A new web-based app developed by a George Mason University professor visualizes near-real-time data collected from media sources on the ground in Ukraine. The app allows users to filter an interactive map of rapidly developing events in specific neighborhoods throughout the besieged country. A link to the original media outlet accompanies each data point representing a military or nonmilitary event.

The map is called “Ukraine VIINA Dashboard” and is based on a dataset from University of Michigan professor Yuri Zhukov’s Violent Incident Information from News Articles (VIINA) project.

screen shot of web based app
A screenshot from the app.

“Our app visualizes geolocated media stories from the event data,” said Robert McGrath, the Schar School of Policy and Government associate professor who created the app. “We think that journalists and citizens following the war will find it a useful way to access primary sources in a visually appealing way.”
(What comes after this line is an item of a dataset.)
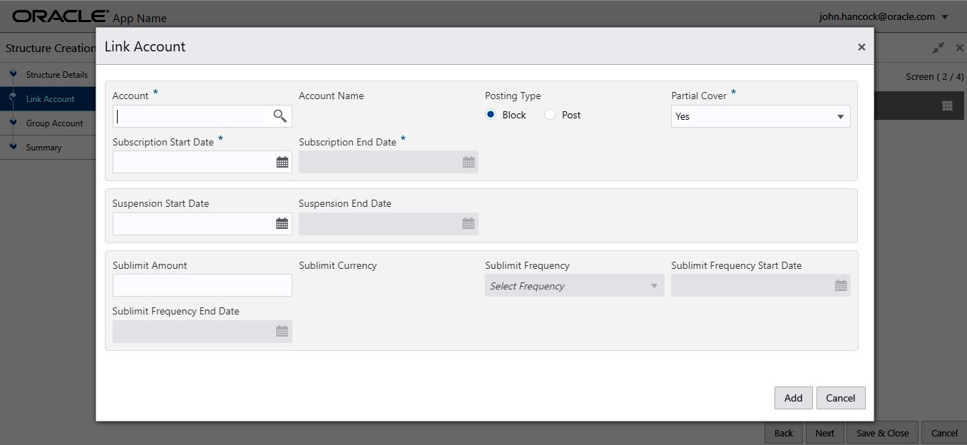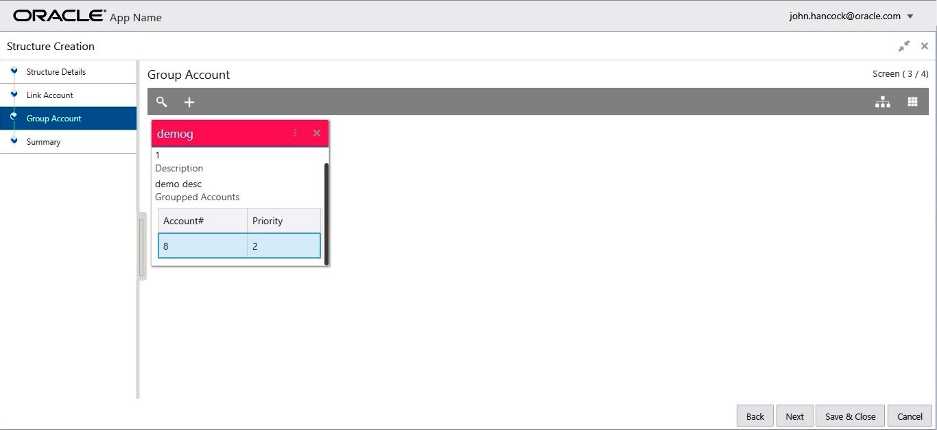 On the left side of this screen, there is a list of accounts; which are added to the structure. The user can select the account to be added into the group.

McGrath, a political scientist and instructor of research methods and data science tools, had been “obsessively reading about the war on American news outlets and on Reddit, and I was thrilled to have access [from Zhukov’s data] to all the Ukrainian and Russian sources that are reporting ‘on the ground.’”
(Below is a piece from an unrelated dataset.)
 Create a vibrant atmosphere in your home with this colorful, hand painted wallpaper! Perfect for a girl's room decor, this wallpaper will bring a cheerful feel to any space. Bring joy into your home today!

He was encouraged to bring his computer coding skills to task by fellow Schar School associate professor Eric McGlinchey, who secured Zhukov’s cooperation with the app.

“I see this as very much in the spirit of ‘activist social science,’” McGlinchey said.

“The app presents readily understandable information to English-speaking audiences who otherwise could not make sense of the Ukrainian and Russian data sources,” he added. “Equally important, our app has a good chance of flying under the radar of Russian state censorship, allowing audiences in Russia a clear picture of what truly is happening in Ukraine.”

The numbers and colors on the map indicate how many events/stories there are in that area. Red indicates more events; green, fewer events. Users click a cluster to zoom to the area; another click zooms even closer to the location of the media report.

“Eventually, when you drill down enough, you’ll see individual nodes, which represent actual news stories about an event that took place there,” McGrath said. “When you click a node, you’ll see metadata about the event, often including a link to the actual story.”

McGlinchey added that the professors are also working on a database of war crimes committed during the Ukraine crisis and another app that geolocates and provides data on those war crimes.